Review Table 1.6 and answer the questions. For each non-blood transfusion transmission probability (per act risk) in Table 1.6, calculate the cumulative risk of being infected after one year (365 days) if one carries out the same act once daily for one year with an HIV-infected partner. Do these cumulative risks make intuitive sense? Why or why not?

exposures<-c("Needle-sharing injection-drug use (IDU)","Receptive anal intercourse (RAI)","Percutaneous needle stick (PNS)", "Receptive penile-vaginal intercourse (RPVI)", "Insertive anal intercourse (IAI)", "Insertive penile-vaginal intercourse (IPVI)", "Receptive oral intercourse on penis (ROI)", "Insertive oral intercourse with penis (IOI)")
risks<-as.numeric(c("67","50","30", "10", "6.5", "5", "1", "0.5"))
data<-data.frame(exposures, risks)
library(dplyr)
## 
## Attaching package: 'dplyr'
## The following objects are masked from 'package:stats':
## 
##     filter, lag
## The following objects are masked from 'package:base':
## 
##     intersect, setdiff, setequal, union
mutate(data, p_exposure=risks/10000, one_p=1-(p_exposure), p_365=((one_p)^365), p_infected=1-(p_365))
##                                     exposures risks p_exposure   one_p
## 1     Needle-sharing injection-drug use (IDU)  67.0    0.00670 0.99330
## 2            Receptive anal intercourse (RAI)  50.0    0.00500 0.99500
## 3             Percutaneous needle stick (PNS)  30.0    0.00300 0.99700
## 4 Receptive penile-vaginal intercourse (RPVI)  10.0    0.00100 0.99900
## 5            Insertive anal intercourse (IAI)   6.5    0.00065 0.99935
## 6 Insertive penile-vaginal intercourse (IPVI)   5.0    0.00050 0.99950
## 7   Receptive oral intercourse on penis (ROI)   1.0    0.00010 0.99990
## 8 Insertive oral intercourse with penis (IOI)   0.5    0.00005 0.99995
##        p_365 p_infected
## 1 0.08597238 0.91402762
## 2 0.16048131 0.83951869
## 3 0.33398948 0.66601052
## 4 0.69406989 0.30593011
## 5 0.78873322 0.21126678
## 6 0.83314662 0.16685338
## 7 0.96415633 0.03584367
## 8 0.98191507 0.01808493
#The cumulative risks make sense because they tend to one because repeating everyday the exposure will entail higher cumulative probability.

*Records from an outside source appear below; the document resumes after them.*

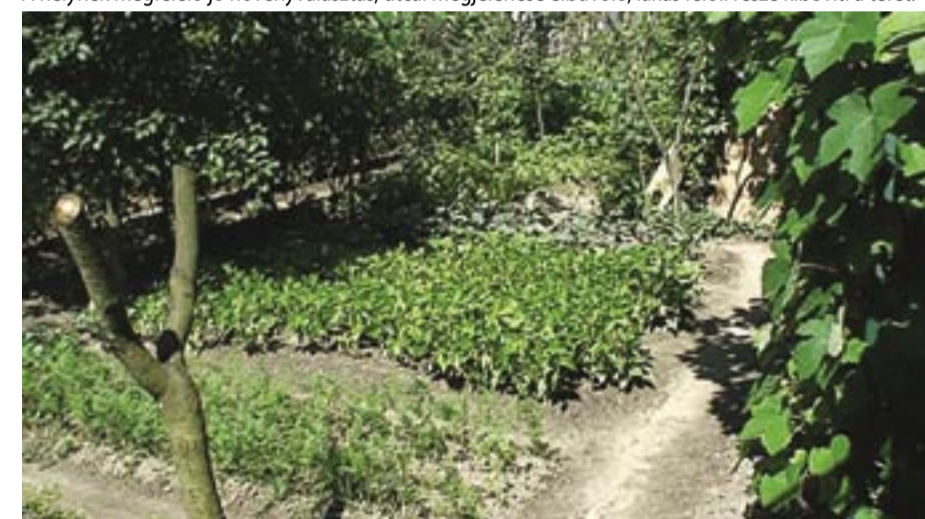
Gazdasági udvar, I. helyezett - 513. utca Minden talpaltnyi hely kihasználva, legyen az főnövény, másodvetés, szőlő- vagy virág
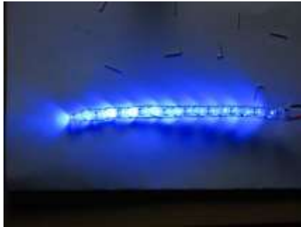
圖 7 LED 燈串連測試
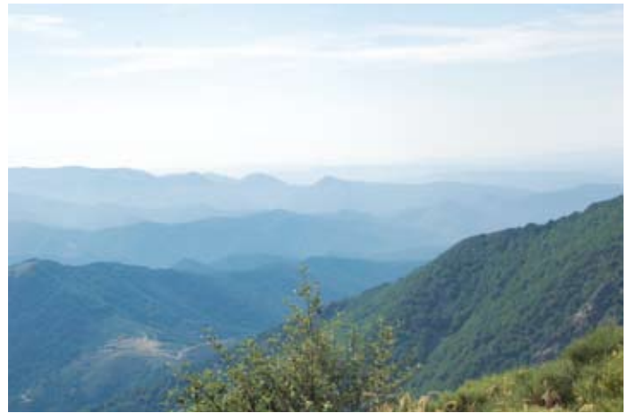
▲ Vallées cévenoles schisteuses, vue prise près du col de l'Aslié.

Schistose valleys in the Cévennes region, viewed from near the Aslié gap.
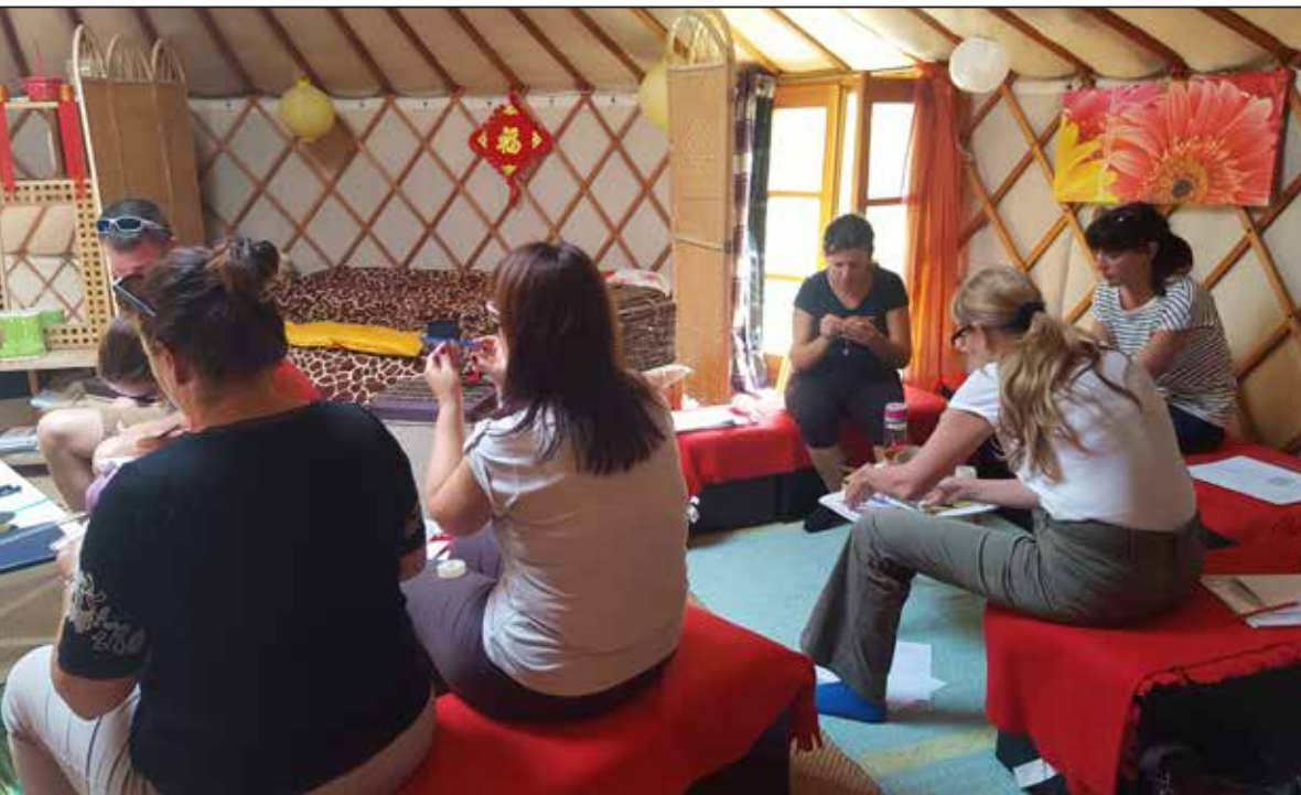
Notranjost jurte je prilagojena izobraževanju (jurta na Učnem poligonu za samooskrbo Dole, Poljčane)
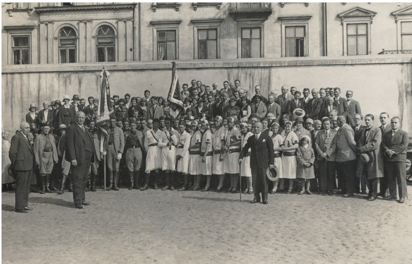
Obr. 10. Češi z Volyně při účasti na všesokolském sletu v roce 1932 v Praze

Tělovýchovná organizace Sokol se neomezovala jen na sportovní činnost, ale ve většině obcí měla především kulturní přesah. Příkladem rozsahu činnosti je působení sokolské jednoty v Straklově. Ta se soustředila i na pořádání divadelních představení (založila si specializovaný divadelní odbor), sokolských akademií, přednášek či různých večírků, například kabaretních s bohatým programem (cvičení, recitace, zpěv). Díky knihám obdržným z Československa si založila i sokolskou knihovnu. 138 V dalších obcích byla škála činností obdobná, v Kvasilově i dalších obcích působila v rámci jednoty také kapela. V mnoha ohledech se činnost spolků v obcích prolínala, v určitých případech to mohlo vést i ke sporům viz Kronika Kvasilova : „Dosti dlouhou dobu hasiči hleděli na Sokola nepřívětivě, vidouce v něm jakousi nežádoucí konkurenci, ale nyní pracují svorně“. 139 Po většinu času ale Sokol s hasičskými sbory i s jinými spolky, např. s Českou maticí školskou, úspěšně spolupracoval. 140 Ustavujícího sjezdu Svazu československých spolků v Polsku se sídlem ve Varšavě, který měl zřejmě dále prohlubovat spolupráci mezi organizacemi, se v roce 1931 zúčastnili zástupci minimálně pěti českých sokolských jednot z Rovna, Hulče, Zdolbunova, Kvasilova a Mirohoště. 141 Význam mělo i personální propojení v rámci různých spolků.
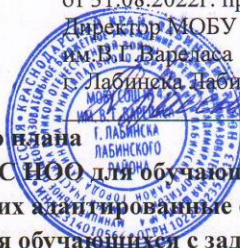
Таблица-сетка часов учебного плана начального общего образования в рамках ФГОС НОО для обучающихся с ОВЗ общеобразовательных учреждений, реализующих адаптированные образовательные программы начального общего образования для обучающихся с задержкой психического развития (вариант 7.1) муниципального общеобразовательного бюджетного учреждения средней общеобразовательной школы №4 имени участника Великой Отечественной войны Вареласа Владимира Георгиевича города Лабинска муниципального образования Лабинский район, на 2022-2023 учебный год
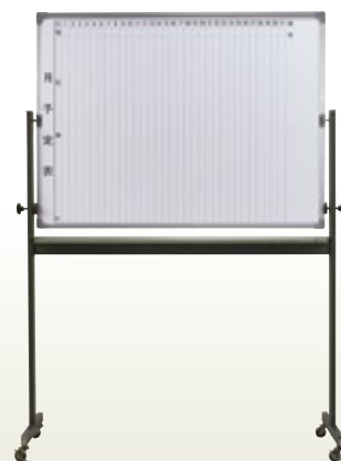
可動ホワイトボード月予定 6
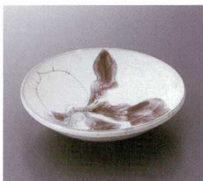
コ-18005 718005 2,100円 粉引墨かぶら6.0鉢 40入 18.5×4.8cm
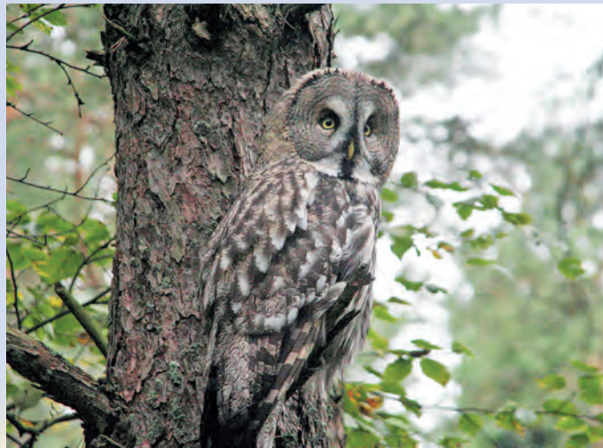
Puszczyk mszarny Stix nebulosa .

ku. W wyniku dużego zróżnicowania siedlisk w Lasach Sobiborskich wykształciła się bogata gatunkowo fauna. Wśród bezkręgowców znajdują się rzadkie gatunki motyli: przeplatka aurinia, paż królowej, mieniak strużnik, mieniak tęczowiec, modraszek telejus i modraszek nausitous, których obecność świadczy o naturalności ekosystemów leśnych i torfowiskowych. Ponadto została stwierdzona liczna populacja raka stawowego w Jeziorze Płotycze, co świadczy o wysokiej czystości tego zbiornika wodnego. W wyniku dużego bogactwa jezior i cieków wodnych na terenie nadleśnictwa możemy obserwować dosyć liczną ichtiofaunę. Na uwagę zasługuje występowanie w rzece Tarasience strzebli błotnej – gatunku znajdującego się na czerwonej liście ginących zwierząt Europy. Podmokłe tereny, liczne zbiorniki wodne stanowią dogodne miejsce bytowania płazów. Do najrzadszych, stwierdzonych na terenie Parku należą: traszka grzebieniasta, ropucha paskówka i ropucha zielona. W awifaunie Parku znajdują się gatunki objęte ochroną strefową: bocian czarny oraz puchacz. Spośród ptaków szponiastych występują tu: bielik i orlik krzykliwy. Kolejnymi rzadkimi gatunkami ptaków, jakie możemy spotkać w Lasach Sobiborskich są: bąk, jarząbek, siniak, włochatka (drugie stwierdzenie na Lubelszczyźnie), lelek, dzięcioł białogrzioty, dzięcioł czarny,

#Exercise 1.8 (Sourcing files and sinking log files)

The source function in R is used to “source” (read in) ASCII text files. Take a group of R commands that worked from a previous problem above and paste them into an ASCII text file and save it with the name job01.R. Then from R command line, source the file.

source('/cloud/project/Homeworks Epi251/job01.R')
source('/cloud/project/Homeworks Epi251/job01.R', echo=TRUE)
## 
## > (sum = 1 + 2)
## [1] 3
# Sources a script in a different file. When we use echo=TRUE, the job01.R file, even though we are sourcing a file that is closed, the output is printed in the console

sink("/cloud/project/Homeworks Epi251/job01.log1a")
source("/cloud/project/Homeworks Epi251/job01.R")
sink() 

sink("/cloud/project/Homeworks Epi251/job01.log1b")
source("/cloud/project/Homeworks Epi251/job01.R", echo=TRUE)
## 
## > (sum = 1 + 2)
## [1] 3
sink() 

#For the .log1a it just sources the file and for the log1b it sources it and echoes the information in jobs01.

source('/cloud/project/job02.R')
## [1] 0.01808493 0.03584367 0.16685338 0.21126678 0.30593011 0.66601052
## [7] 0.83951869 0.91402762
#It sourced the program, ran it and showed the results, just as we did with the echo argument.